Они ведь не знали, что я, почти полгода назад, всю роту посадил за чтение устава, и многие из нас воспользовались им как средством спасения от беспредела.
– …Чалый! – Кучеренко не нашёлся, что сказать и продолжил чтение списка.
Отбой был недолгим.
У меня не было выбора – мне определили место на койке снизу, но я, наплевав на это, разместился на верхнем ярусе посредине ряда.
Глаза уже приняли мрак, усталое тело стало нагревать сырость постели, а мозг, отгородившись от реалий, проваливался в яму небытия…

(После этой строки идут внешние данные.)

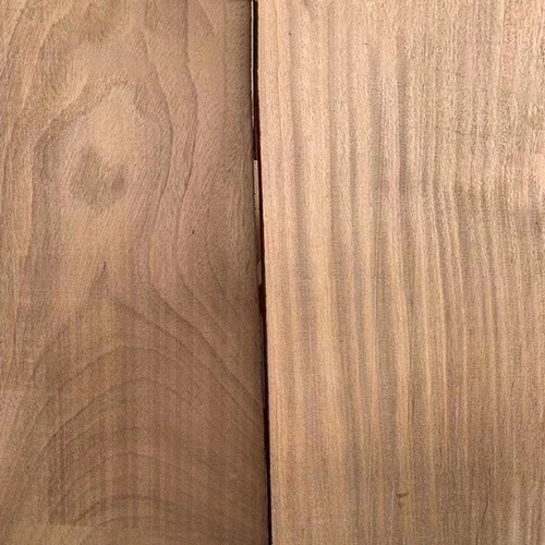 非洲核桃木因其紋理美觀、質(zhì)地堅(jiān)硬且易于加工,常被用于高檔家具、地板、樂器以及裝飾面板的制作。核桃木普遍適用于家具、櫥柜、工藝品。核桃木心材通常淺黃褐色至褐色,顏色和條紋通常隨產(chǎn)地不同而有所變化。通常核桃木是灰褐色的,帶有明顯的深色或黑色條紋,其顏色隨著時(shí)間的流逝會(huì)變淡。心材部分通常呈現(xiàn)淺紅褐色至棕褐色,略帶紫色的色調(diào),使得整個(gè)木材色澤既悅目又雅致,偶爾還能發(fā)現(xiàn)美麗的斑點(diǎn)或條紋。相較之下,邊材的顏色則較為淺淡,多以灰白色或淺褐色為主。樹根、癭瘤等部位常展現(xiàn)出獨(dú)特且美麗的花紋,若將其精心鋸成薄木片,那將是一種極具價(jià)值的裝飾材料。此外,核桃木的硬度適中至略硬重,其纖維結(jié)構(gòu)細(xì)膩且均勻,展現(xiàn)出強(qiáng)大的韌性,特別是在抗震動(dòng)和抗磨損方面,其性能尤為出色。同時(shí),它還具備一定的耐彎曲和耐腐蝕性。
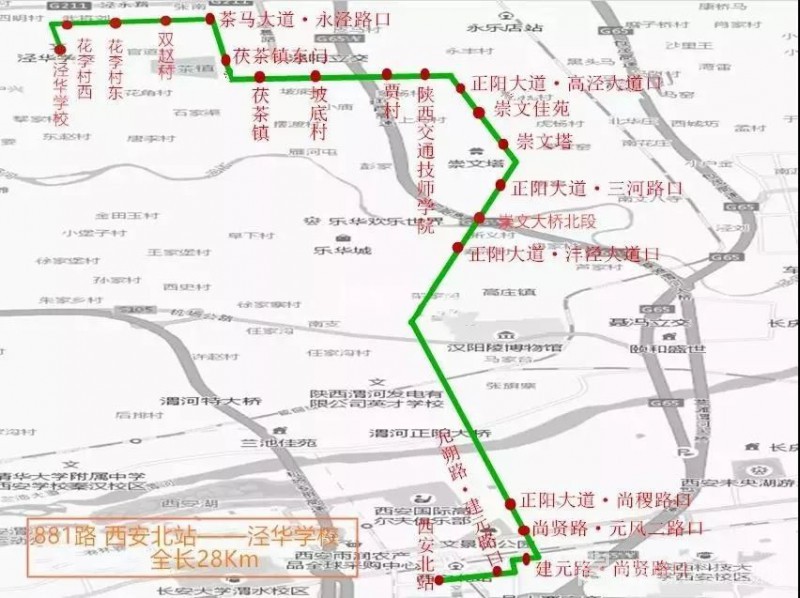 881路:茯茶镇至西安北客站(茯茶镇、坡底村、贾村、陕西交通技术学院、正阳大道、崇文佳苑、正阳大道、尚稷路、尚贤路、建元路、西安北客站);
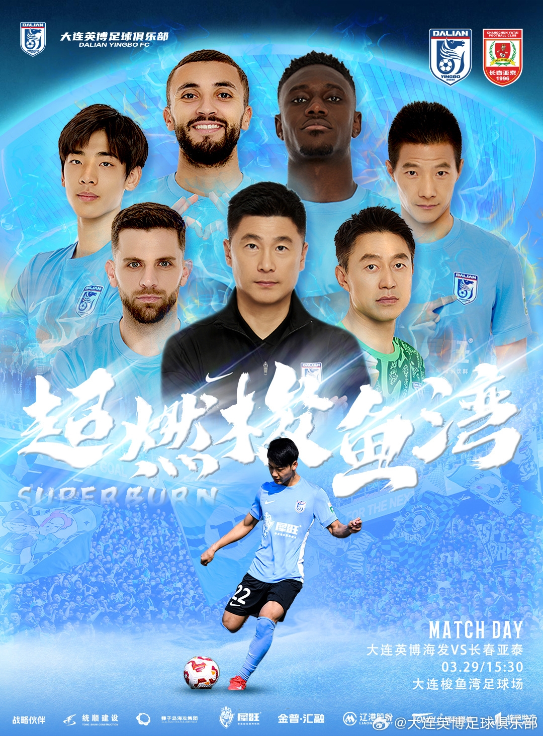 大連英博替補(bǔ):26-黃子豪、5-晉鵬翔、8-趙學(xué)斌、18-劉逸、33-曹海清、22-毛偉杰、23-黃山、28-費(fèi)煜、29-孫鉑、9-閆鵬、15-劉祝潤、39-閻相闖

– Куделин, Саня, Саня Куделин!
Кто-то тряс меня за руку и старался разбудить. Сон не отпускал. Провал был настолько глубоким, что я попробовал проснуться там – во сне, но настойчивость была такой, что пришлось уступить и проснуться здесь.

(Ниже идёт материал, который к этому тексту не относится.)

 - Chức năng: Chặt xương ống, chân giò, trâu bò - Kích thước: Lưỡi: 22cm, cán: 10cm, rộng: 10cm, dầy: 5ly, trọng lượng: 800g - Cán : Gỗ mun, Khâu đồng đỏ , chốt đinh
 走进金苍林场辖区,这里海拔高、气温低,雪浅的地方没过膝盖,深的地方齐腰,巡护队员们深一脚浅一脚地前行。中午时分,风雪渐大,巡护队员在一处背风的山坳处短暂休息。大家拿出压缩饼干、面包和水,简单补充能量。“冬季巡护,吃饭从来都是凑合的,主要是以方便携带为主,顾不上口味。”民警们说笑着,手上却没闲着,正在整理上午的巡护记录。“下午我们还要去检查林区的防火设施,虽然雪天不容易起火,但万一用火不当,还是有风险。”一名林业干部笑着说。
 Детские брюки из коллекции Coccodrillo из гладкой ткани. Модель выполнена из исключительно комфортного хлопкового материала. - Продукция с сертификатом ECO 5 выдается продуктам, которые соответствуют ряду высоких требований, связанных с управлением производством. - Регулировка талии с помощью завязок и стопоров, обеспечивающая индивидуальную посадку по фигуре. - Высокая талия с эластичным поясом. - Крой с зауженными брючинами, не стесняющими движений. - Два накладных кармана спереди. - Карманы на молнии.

За руку тряс Чалый, его лицо осветил прожектор, который, отразившись от заоконной местности, прошмыгнул в кубрик и дал каждому предмету тень.
– Чё!
– Хуй через плечо! – подал голос с ближней к проходу кровати недавний проситель моей тельняшки и, не переводя духа, начал монолог: – Вы что думаете, я не был Духом и Слоном? Был! Только в отличие от вас я не жил в модуле, а ковырялся в грязи палаточного городка! Вы даже не представляете, что такое жить зимой в палатке, топить соляркой печь, не спать и следить за ней, чтобы не потухла или, чего хуже, чтобы не наделала пожар! Бля, парни, вам просто повезло, что вас вот так вот встречают! Вас сразу в чистый модуль, на кровати, под чистую простынку! Зимой спишь и встать поссать боишься (чего он боялся, я не уточнил). С-сука, дневальный проспит – утром проснёшься под коркой инея, а нет – так в саже. Единый хрен – всё край получается. Вон, вторая рота и сейчас ещё так живёт, спросите их Слонов, как им там! Я вообще, пацаны, не об этом хочу сказать. Вот завтра я уеду, и вся эта грязь останется у меня позади. Пройдут года, но я всегда буду помнить наше армейское братство. Чтобы ни случилось, мужики, не стучите! Ведь стук, это в первую очередь пятно на твою честь. Ну стуканёте вы, ну отсидит ваш дедушка на губе и выйдет. Дембель, я сам теперь знаю – он ведь неизбежен! Но вот, когда придут ваши духи, и вы захотите ими зарулить, у вас не будет на то морального права. Смотрите, мужики, не ссучивайтесь, эта армия не нами придумана и не нам её упрощать!
Он быстро встал и вышел.
«Блядь, ещё один доброхот с хорошими манерами! – Мысли отогнали сон и стали маять мозг. – Вот тебе ярмо, сам оденешь и подашь телегу к парадному входу».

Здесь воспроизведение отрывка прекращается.